I agree, look at my system specs, that should give you a idea of which way I'd go. Just trying to get Cordero the best bang for the buck.


And when it comes right down to it, it's not like Cordero can't take the best from both builds. Say he takes your CPU and MB and puts that in exchange for the AMD cpu and MB in my build and have that for about $850.


----------



## crazyeyesreaper (Apr 19, 2012)

best bang for buck is Intel man  

photoshop the Intel chip is around 30-45% faster
3D content creation its 10-30% faster
and thats i5 2400 vs 1075T 6 core, which is what the 960T unlocks to,

in gaming  such as World of Warcraft starcraft II etc its around 33% in favor of the i5, 
the price on the CPU is better but its getting knocked hard as a 6 core vs 4 cores, and thats a best case senario alot of 960Ts dont unlock or only unlock to 5 cores  at 4 and 5 cores it just gets slaughtered

still with the selection i have the monitor suffers in size and res a bit but even so i managed sub $800, with a bit of parts shuffling between both are suggest builds he could end up well off. 

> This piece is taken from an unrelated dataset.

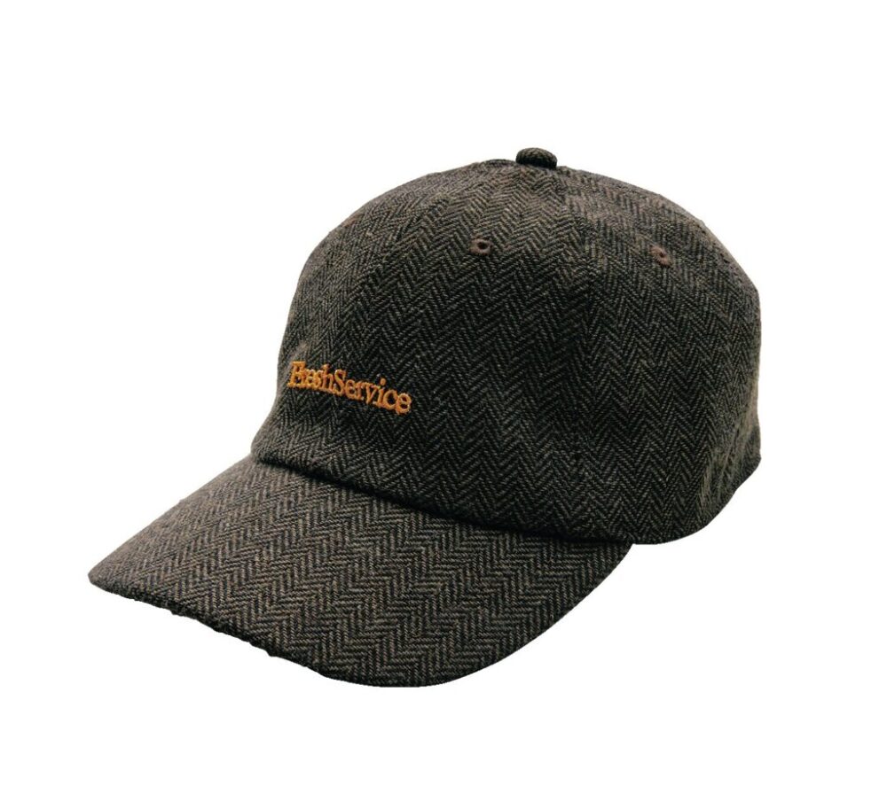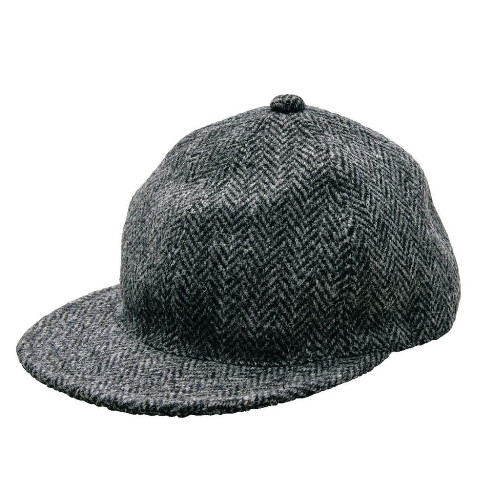 ニューヨークの帽子ブランド「ニューハッタン」のやや浅めでつばの長い型がベース。ロゴにはブランド定番のキャップとは異なるセリフ体のフォントをセレクトし、ヘリンボーンの生地と合わさってよりオーセンティックな雰囲気へと落ち着いている。7150円(フレッシュサービス ヘッドクオーターズTEL03-5775-4755)

In all honest swapping to the i5 2300 wouldnt hurt him much at all, and would drop the price another $10 mix and match the parts we dug up i think sub $850 would be easily doable.


----------



## BarbaricSoul (Apr 19, 2012)

I agree, Intel is faster, but let's face it. With a GTX560 SE, which either CPU is fully capable of max'ing out, he won't notice a difference when gaming. As for photoshop and 3d work, no arguement from me there.


----------



## crazyeyesreaper (Apr 19, 2012)

well for the games he mentioned  WoW favors Intel to the tune of 30+ fps between both CPUs with a 5870, 560 SE isnt the best but it does end up a bit faster then the 7770 from what ive seen which falls in near a 6870, but i agree most titles are a non issue with no real difference. 

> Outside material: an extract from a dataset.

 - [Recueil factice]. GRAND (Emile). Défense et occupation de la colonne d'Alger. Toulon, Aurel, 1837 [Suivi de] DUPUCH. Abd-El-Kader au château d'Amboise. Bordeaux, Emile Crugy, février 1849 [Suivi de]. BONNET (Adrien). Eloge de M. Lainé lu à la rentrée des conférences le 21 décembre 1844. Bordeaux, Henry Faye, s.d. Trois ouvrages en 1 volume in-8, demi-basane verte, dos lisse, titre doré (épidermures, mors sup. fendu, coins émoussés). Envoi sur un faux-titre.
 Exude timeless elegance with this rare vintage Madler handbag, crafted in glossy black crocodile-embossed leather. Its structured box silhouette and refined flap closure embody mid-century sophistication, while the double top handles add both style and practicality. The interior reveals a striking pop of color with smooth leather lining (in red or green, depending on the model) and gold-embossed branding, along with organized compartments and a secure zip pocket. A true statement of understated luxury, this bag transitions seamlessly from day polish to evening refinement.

but if its gonna be dual purpose rig and hes going to be needed it for classes etc id focus on what gets WORK done faster as a job that actually pays is better then college debt and a gaming pc lol i should know $85,000 in the hole and i have an awesome gaming PC, but cause its AMD gpu all my digital work is on hold with Apps like Autodesk Maya, XSI, 3DS Max not functioning properly do to AMDs borked open Gl drivers etc.

but i digress not a huge difference but the Intel offers big enough improvement in apps and programs he should be focusing on to make it worth while.


----------



## JrRacinFan (Apr 19, 2012)

Hey Cordero, if you need to save a little bit of cash throw me a pm. I got some ram we can work out a deal on.


----------



## TheMailMan78 (Apr 19, 2012)

Cordero said:


> I'm located in Northern Florida, United States.
> 
> Thanks, I've been trolling for a while, figured I'd subscribe.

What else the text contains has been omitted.